Action item
There is one span to output from the data below: the lines starting at the line with "在风景壮丽的四川乐山,在大渡" and ending at the line with "Take your prayers". Output it exactly, ends included, nothing more.

Excerpted data
════════════════════
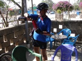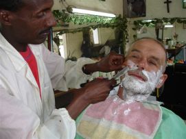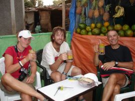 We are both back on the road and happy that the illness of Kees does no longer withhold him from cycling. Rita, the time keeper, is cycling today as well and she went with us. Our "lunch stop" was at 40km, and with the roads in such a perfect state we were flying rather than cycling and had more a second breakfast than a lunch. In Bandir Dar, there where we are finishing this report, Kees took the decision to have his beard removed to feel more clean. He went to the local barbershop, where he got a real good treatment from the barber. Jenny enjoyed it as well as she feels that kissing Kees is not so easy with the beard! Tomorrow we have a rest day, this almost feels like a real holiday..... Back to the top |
════════════════════
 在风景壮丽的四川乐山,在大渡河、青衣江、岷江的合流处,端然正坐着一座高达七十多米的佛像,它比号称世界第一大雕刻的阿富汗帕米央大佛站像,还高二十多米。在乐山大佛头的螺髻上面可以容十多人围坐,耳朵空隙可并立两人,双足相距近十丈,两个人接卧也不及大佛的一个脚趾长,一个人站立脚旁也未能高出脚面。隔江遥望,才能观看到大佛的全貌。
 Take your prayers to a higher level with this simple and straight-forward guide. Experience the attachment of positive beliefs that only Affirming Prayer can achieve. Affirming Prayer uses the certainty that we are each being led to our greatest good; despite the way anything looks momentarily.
════════════════════
Output for this task
 在风景壮丽的四川乐山,在大渡河、青衣江、岷江的合流处,端然正坐着一座高达七十多米的佛像,它比号称世界第一大雕刻的阿富汗帕米央大佛站像,还高二十多米。在乐山大佛头的螺髻上面可以容十多人围坐,耳朵空隙可并立两人,双足相距近十丈,两个人接卧也不及大佛的一个脚趾长,一个人站立脚旁也未能高出脚面。隔江遥望,才能观看到大佛的全貌。
 Take your prayers to a higher level with this simple and straight-forward guide. Experience the attachment of positive beliefs that only Affirming Prayer can achieve. Affirming Prayer uses the certainty that we are each being led to our greatest good; despite the way anything looks momentarily.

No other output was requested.